Your Crew – Competent, or Not?

In Business, Business Management, Coaching, Culture, Leadership by Stephen Rogers

Last month I raised the question as to whether the Captain (=CEO/MD) was just steering the ship, or instead charting the course for the business to follow.  I left a second question hanging; the competence of your crew to help the vessel (=business) get to the destination safely.    I have seen far too many organisations struggle and suffer because people they have placed in positions of responsibility are not capable or are just incompetent.  It may not be the individual’s fault, but it is definitely the leader’s mistake in letting it continue without correction.  As leaders we have are responsible for ensuring those under our supervision can succeed.  We promote people without considering whether current skills are adequate, and what additional competences are required to fill the new position.   Without support and training they will fail, and in the process the business will take a step backwards.

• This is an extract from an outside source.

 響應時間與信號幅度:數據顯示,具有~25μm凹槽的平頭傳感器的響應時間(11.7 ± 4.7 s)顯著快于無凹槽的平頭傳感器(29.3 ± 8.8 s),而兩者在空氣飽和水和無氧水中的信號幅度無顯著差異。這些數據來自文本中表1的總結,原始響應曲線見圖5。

Forbes and Gallop did a two-year study of 35000 “leaders” which showed seriously conflicting information (2018).  80% of “leaders” perceived they exhibited the essential qualities to lead others in their organisation, but actual leadership qualities were only demonstrated in 18%. Similar statistics are reflected by studies undertaken by the University of Melbourne. 

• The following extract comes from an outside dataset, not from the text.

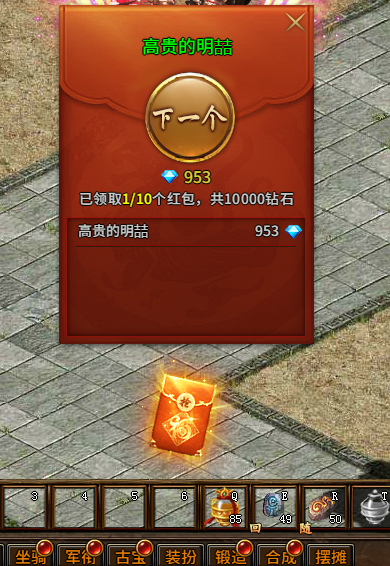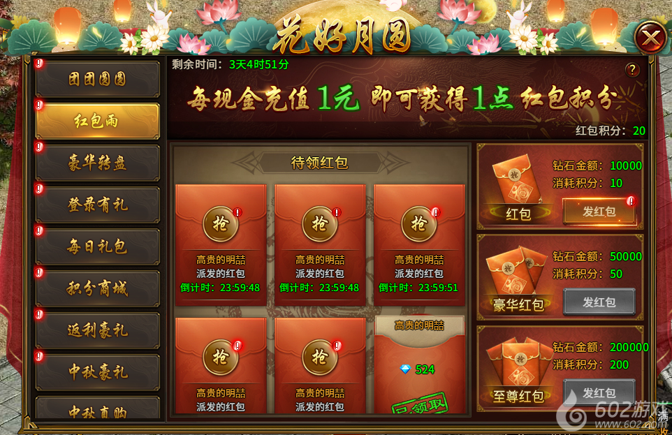 2) 红包雨(活动1-7天可开启,活动期间玩家每现金充值1元可获得1红包积分,消耗红包积分可发放跨服钻石红包,所有玩家均可参与抢红包):

Our people are the greatest resource our business has.  A Manager will treat them as tokens, to be used for transactions, without necessarily thinking about their value and ability.   A Leader will look at the overall capacity and aptitude of the individual, ensure they are a good fit, and provide support to help them reach a new level.  The rationale for ensuring competent people are on our team is not to tick a box, but to get the best out of the processes required to run the business and make it efficient and effective. The more effort we put into our people to make them competent is actually a step closer to being successful. We should not look at investing time and effort into our people as a burden, but as a deposit into accomplishing our purpose.

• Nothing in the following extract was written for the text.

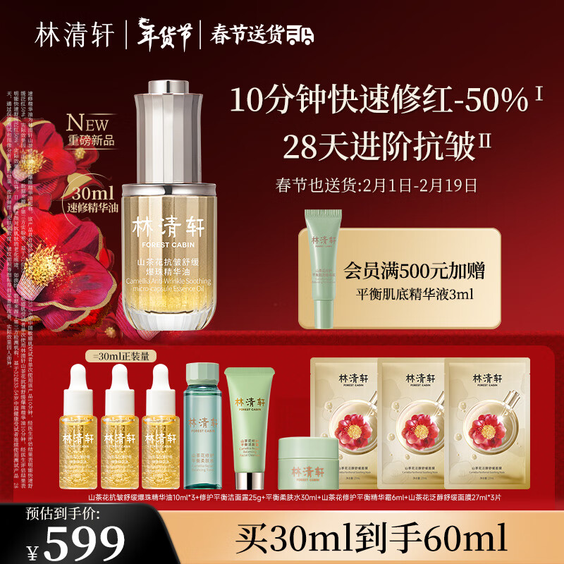 林清轩速修精华油30ml 山茶花抗皱舒缓爆珠油 妆前精华 新年礼物送女友价格:699.00元!

.Do we promote people based on longest tenure, or an urgent need that requires filling by the next available subject?  It is like rolling the dice, hoping it will work and turn out ok.  That is what we are aiming for; adequate, ok, average.  We hope THEY will step up and fill the shoes, and be responsible, rather than it being a planned appointment.  How can we expect any degree of success or growth?  You may think you are leading your people, but that can only be reflected in those you are supervising, their growth and their success.  Take a look in the mirror and determine what else you can do to grow yourself, and the people who entrust their success to you.